By Will Novosedlik
When it comes to cannabis in Canada, a category heavily restricted in its use of mass communications, which types of branding and marketing make a difference?
Rebecca Brown is founder of Crowns, a full-service creative agency specializing in cannabis since March of 2018, six months before legalization. “I would’ve expected that at this stage of the game, five years into a national market, we’d be doing more campaign work,” says Brown. Instead, most of her firm’s revenue is from branding new entrants, and only a small percentage of her fees are for supporting new brands once they’re in play.
More consolidation was expected by now, which would have meant larger players, bigger marketing budgets, more senior marketing talent and more campaigns. That hasn’t happened – cannabis remains a highly fragmented market.

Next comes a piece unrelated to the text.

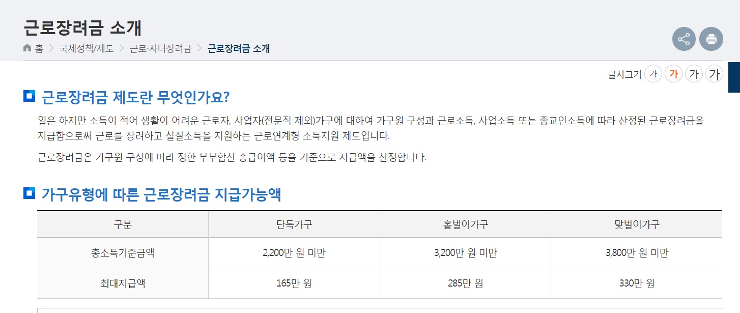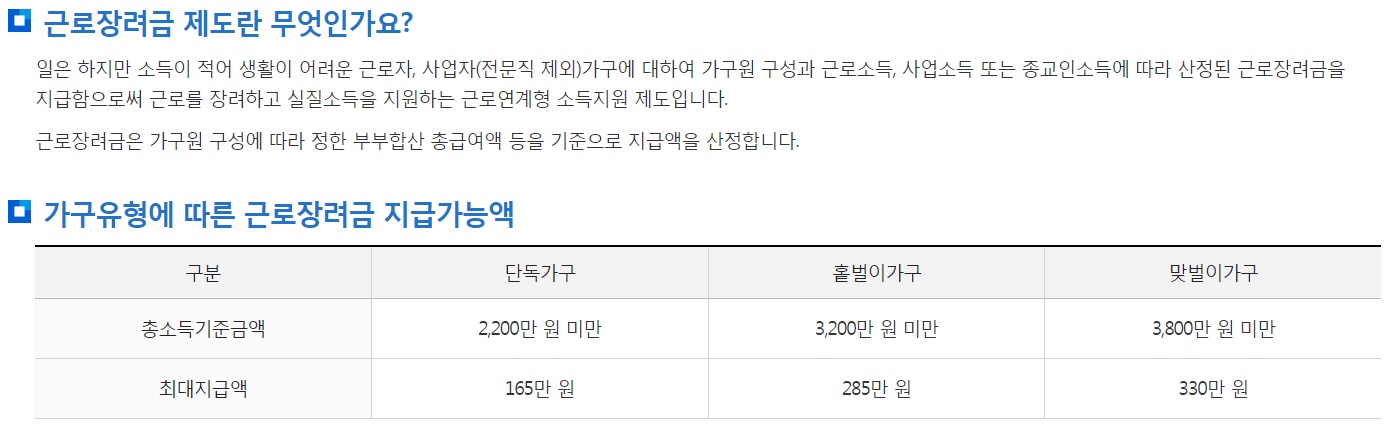 재산과 소득이 일정 금액 미만 근로자 사회인 사업자들의 근로를 장려하기위해 소득을 지원하는 제도입니다

According to Paul Lawton, co-founder of cannabis creative agency Sister Merci: “It’s very hard to market cannabis. Brand awareness is still low. People don’t really know what brands to ask for, so they rely on the recommendations of their friends or their budtenders.”
Lawton says that many bigger players – impatient that growth is taking too long and that their stock prices are too low to attract investment – have fired their creative and marketing teams in favour of direct sales. “When they hear consumers say ‘my budtender recommended it to me,’ that’s their cue to shift the focus to sales activations and shopper marketing tactics.”

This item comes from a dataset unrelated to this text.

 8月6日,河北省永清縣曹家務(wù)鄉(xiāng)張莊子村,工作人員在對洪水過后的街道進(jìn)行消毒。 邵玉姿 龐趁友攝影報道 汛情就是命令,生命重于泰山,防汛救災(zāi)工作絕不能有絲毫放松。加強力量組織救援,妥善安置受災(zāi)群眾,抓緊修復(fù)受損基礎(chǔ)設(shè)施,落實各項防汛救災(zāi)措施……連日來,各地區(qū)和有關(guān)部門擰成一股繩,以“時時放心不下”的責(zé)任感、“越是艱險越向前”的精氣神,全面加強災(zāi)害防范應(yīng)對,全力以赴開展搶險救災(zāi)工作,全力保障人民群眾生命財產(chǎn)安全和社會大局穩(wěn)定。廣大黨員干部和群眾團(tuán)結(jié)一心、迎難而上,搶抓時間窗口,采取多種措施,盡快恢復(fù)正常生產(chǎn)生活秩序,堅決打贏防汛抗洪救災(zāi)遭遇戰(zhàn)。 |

Dave Bigioni, a senior marketer who built his reputation with tier one brands like Molson Coors and TD Bank, made a well-publicized move back in 2017 when hired for the CMO role – and later chief commercial officer – at Canopy Growth. It made sense that the category’s leading player would recruit an award-winning marketer from a global beverage brand.

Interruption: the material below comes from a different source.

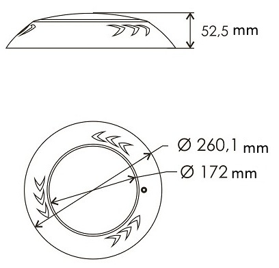 Ключова перевага моделі – накладний монтаж. Встановлення виконується без підготовки ніші: прожектор кріпиться безпосередньо на рівну поверхню стіни. Корпус із класом захисту IP68 повністю герметичний і стійкий до корозії, що робить модель придатною для постійної роботи у воді.

He didn’t get much of a chance to apply his considerable marketing chops due to a mass layoff of 800 employees in 2020. So he understands the market. “It’s all about who owns the cannabis customer, and right now that’s retail,” says Bigioni. “The people who the customers relate to directly are the budtenders. So they are the gatekeepers. They own the customer relationship.”
Bigioni explains that cannabis is similiar to the wine category: very fragmented and complex. People need guidance, and the budtenders are the ones who provide it. So LPs need to educate budtenders on their product for the next time they are in a position to recommend it to a customer.
Email campaigns are among the tactics that Lawton finds surpisingly underutilized. “They’re not sexy, but they work,” says Lawton. “It’s a way to continually reinforce your brand message. And the really smart cannabis marketers are starting to create plans that integrate sales activations with PR, and using the activations to get email addresses in exchange for swag so that they can continue to build that relationship with customers.”
Lawton is also seeing social channels like Twitter and Reddit take advertising dollars from Canadian cannabis companies. In the case of the latter, it can promote a post and target it at people who are reading cannabis-related subreddits.”
There are also clever ways to campaign. Back when 48North launched, it used billboards to get people to sign up for their mailing list. Sister Merci did a campaign for Hexo’s UP brand that took one star cannabis reviews from sites like Leafly and used print and social to apologize directly to individual reviewers for how bad the weed was in the early days of legalization.
Contrary to what economists will tell you, the market is not populated by people making rational decisions about what to buy. Brown says cannabis brands that use their names to suggest a fantasy have enjoyed some success. “The brand ‘Back 40’ is a great example,” she says. “The name conjures up a place where you go to get away from it all, a place where you can hang with friends, have a toke and chill out.” The brand is currently a top seller.
Another path to promotion is through thought leadership. Media company ADCANN started out developing cannabis content as a passion project. CEO Cody Hicks and his partner Colin Bambury created a business model that combines a publishing enterprise with a creative consultancy. Over the past three years, they built a reputation as cannabis experts with content that examines the industry from all angles, posting interviews with industry players and even starting an annual marketing awards program. Aside from blogs, they publish the Cannabis Brand Marketing Guide, an annual reference for both LPs and retailers on things like how to build a brand, how to create a website or run social media. After releasing the Cannabis Retail Marketing Guide, retailers asked them to help with execution, so ADCANN launched a creative arm called grnhouse.
“I built out this process where as soon as a retail store received their RSA, they would come to us, and we would build their brand for them,” explains Hicks. After creating websites and templates for social media and email marketing, clients could choose to run everything themselves or have grnhouse do so.
Many retailers opted to take the material and have a budtender run with it. LPs began to notice that grnhouse had an extensive network of relationships with retail stores. The firm was then able to leverage those relationships to start offering sales and marketing services to LPs.
Hicks observes that the constraints placed on branding and marketing in this sector have the benefit of driving creative solutions. The next frontier from his perspective is programmatic, which will enable brands to gather all kinds of useful information using location and POS data. And ultimately, he says, this is an industry that’s going to be solved by younger cohorts. “With their ability to navigate the ever-changing technological landscape, they will transcend the marketing restrictions unique to cannabis in Canada.”